# arcadia classica stretch led 120cm.



## Anthony89 (5 Mar 2014)

Hi. I recieved my new light yesterday, but im a little concerned its not very bright. Before this led I had 2x54w t5. Which looked alot brighter.
Has anyone got first hand experience with these leds on a high tech tank? Also pictures to compare. Many thanks ant


----------



## toadass (6 Mar 2014)

Can't help you much mate I'm afraid, but I'm watching this with interest as I have a 120cm and am currently looking at these or the tmc aquabar. Hopefully  someone with a bit of knowledge will be along shortly. Although Simon Jones uses them on his hi tech and they do the job on his matehttp://Arcadia Stretch LED | UK Aquatic Plant Society


----------



## Anthony89 (6 Mar 2014)

Thanks. I think I may have to get another soon. Going to monitor plant growth etc and then decide. Doesnt seem very bright at all. 

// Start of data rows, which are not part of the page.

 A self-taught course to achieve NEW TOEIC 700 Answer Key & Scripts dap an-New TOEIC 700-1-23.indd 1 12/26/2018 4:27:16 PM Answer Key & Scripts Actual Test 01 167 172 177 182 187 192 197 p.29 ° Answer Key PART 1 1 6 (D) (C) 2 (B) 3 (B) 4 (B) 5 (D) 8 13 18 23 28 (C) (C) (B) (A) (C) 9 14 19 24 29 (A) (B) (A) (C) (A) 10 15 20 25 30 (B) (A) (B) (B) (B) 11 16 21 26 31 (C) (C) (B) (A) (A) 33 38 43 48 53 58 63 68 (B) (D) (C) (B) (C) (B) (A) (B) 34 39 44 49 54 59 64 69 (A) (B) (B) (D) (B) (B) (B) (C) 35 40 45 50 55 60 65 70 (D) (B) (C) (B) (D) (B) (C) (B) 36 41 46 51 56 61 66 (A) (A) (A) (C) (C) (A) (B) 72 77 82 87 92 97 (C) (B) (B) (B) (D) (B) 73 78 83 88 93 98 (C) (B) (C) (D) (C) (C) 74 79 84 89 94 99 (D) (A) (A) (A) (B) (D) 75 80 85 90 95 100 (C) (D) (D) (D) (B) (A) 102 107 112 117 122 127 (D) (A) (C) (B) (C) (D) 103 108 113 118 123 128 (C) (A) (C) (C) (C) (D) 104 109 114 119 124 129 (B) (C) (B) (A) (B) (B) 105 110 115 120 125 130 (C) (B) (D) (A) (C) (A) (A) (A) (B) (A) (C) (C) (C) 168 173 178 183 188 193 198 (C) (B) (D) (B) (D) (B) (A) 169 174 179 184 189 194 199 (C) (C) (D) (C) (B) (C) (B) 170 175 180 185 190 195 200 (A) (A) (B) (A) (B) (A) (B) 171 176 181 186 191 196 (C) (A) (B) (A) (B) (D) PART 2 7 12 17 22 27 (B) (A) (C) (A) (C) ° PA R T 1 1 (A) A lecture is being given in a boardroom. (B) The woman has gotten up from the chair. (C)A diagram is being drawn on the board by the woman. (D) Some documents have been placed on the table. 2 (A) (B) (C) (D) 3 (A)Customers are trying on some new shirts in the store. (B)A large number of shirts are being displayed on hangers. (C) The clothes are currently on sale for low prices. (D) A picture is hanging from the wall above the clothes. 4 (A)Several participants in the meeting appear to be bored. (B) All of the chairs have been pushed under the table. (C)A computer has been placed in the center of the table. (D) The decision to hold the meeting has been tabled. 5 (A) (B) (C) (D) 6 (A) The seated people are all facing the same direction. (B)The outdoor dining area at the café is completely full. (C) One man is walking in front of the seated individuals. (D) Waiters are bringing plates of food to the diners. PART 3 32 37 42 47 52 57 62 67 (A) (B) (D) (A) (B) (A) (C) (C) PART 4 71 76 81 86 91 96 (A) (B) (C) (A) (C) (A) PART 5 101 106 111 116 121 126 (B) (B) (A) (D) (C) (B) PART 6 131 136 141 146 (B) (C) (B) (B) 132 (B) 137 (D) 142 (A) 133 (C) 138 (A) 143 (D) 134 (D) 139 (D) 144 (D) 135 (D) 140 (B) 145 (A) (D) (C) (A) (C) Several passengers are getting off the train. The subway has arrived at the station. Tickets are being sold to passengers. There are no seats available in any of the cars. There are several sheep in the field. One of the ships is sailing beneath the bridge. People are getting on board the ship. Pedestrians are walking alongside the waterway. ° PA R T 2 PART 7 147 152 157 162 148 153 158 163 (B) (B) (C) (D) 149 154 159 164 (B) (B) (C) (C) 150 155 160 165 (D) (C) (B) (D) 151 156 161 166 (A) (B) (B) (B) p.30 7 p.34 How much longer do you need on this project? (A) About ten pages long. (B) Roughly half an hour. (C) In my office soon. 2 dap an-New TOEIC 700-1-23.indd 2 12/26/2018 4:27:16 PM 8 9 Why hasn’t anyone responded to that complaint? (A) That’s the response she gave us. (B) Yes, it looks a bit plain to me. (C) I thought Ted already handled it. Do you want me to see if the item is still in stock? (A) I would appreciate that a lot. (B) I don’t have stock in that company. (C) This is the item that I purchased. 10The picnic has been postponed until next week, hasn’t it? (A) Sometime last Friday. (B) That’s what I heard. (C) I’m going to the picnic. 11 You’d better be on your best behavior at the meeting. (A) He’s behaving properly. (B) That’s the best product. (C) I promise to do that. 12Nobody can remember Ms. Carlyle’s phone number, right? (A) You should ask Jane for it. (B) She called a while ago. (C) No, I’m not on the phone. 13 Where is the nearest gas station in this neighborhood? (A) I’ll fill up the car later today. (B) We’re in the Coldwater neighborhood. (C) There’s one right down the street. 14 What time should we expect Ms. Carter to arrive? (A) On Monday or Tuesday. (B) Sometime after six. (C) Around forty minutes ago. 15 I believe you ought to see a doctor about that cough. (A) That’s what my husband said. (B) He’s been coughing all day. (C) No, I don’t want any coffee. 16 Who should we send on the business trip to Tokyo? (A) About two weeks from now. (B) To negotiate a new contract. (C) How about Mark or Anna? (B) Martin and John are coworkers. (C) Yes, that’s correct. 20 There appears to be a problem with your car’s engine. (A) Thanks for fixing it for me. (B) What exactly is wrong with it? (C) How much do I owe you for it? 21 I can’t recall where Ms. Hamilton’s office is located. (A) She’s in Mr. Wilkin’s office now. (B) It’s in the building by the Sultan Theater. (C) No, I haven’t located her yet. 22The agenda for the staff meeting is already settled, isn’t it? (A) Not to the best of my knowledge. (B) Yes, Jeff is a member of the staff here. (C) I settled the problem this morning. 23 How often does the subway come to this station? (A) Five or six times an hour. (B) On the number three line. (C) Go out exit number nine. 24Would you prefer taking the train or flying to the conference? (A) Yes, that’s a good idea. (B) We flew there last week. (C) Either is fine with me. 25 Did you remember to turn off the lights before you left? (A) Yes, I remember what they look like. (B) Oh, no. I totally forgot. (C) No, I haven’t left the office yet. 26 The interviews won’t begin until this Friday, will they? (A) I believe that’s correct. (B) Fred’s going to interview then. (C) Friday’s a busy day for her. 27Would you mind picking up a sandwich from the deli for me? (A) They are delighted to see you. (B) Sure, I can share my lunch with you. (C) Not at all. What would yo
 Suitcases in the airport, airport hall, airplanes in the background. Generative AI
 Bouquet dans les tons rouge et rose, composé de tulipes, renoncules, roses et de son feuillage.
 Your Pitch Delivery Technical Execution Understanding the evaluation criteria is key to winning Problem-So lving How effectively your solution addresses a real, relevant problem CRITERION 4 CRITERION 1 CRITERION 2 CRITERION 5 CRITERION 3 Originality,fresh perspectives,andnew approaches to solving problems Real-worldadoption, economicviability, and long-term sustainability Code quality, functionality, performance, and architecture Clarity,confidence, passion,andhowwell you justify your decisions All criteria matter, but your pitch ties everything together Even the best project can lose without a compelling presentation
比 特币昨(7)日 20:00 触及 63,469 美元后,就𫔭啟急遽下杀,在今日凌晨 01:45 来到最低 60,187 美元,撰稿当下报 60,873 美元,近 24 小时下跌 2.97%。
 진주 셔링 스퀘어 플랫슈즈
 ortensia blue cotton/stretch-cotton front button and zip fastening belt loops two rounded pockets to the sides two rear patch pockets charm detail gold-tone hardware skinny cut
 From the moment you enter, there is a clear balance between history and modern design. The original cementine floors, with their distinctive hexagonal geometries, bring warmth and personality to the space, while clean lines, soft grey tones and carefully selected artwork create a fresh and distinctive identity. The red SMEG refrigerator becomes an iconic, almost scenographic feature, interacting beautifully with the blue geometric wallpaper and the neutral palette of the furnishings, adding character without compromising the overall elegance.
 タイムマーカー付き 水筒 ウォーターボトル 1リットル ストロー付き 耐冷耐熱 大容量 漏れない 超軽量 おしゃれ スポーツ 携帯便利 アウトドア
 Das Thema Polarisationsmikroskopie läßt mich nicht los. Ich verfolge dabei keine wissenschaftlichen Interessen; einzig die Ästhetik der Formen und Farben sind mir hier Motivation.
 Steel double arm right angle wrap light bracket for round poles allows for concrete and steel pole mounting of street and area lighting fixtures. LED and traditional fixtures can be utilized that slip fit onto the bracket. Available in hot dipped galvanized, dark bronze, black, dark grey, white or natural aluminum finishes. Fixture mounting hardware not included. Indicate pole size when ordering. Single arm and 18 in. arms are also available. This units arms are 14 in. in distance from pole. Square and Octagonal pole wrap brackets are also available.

Sent from my GT-I9300 using Tapatalk


----------



## OllieNZ (6 Mar 2014)

Based on my observations Id say 1 is not quite as bright as 1 t5. I did a review (cant link from my phone but it is in the lighting section) and it has pics of it vs t5


----------



## OllieNZ (6 Mar 2014)

Arcadia CS60F, mini review. | UK Aquatic Plant Society
There it goes


----------



## Edvet (6 Mar 2014)

Don't trust your eyes in asserting brightness!


----------



## OllieNZ (6 Mar 2014)

Edvet said:


> Don't trust your eyes in asserting brightness!


According to my camera
Stretch 1/8sec @f7.1 iso 800
1x T5   1/13sec @f7.1 iso 800
So not just dimmer to the eye.


----------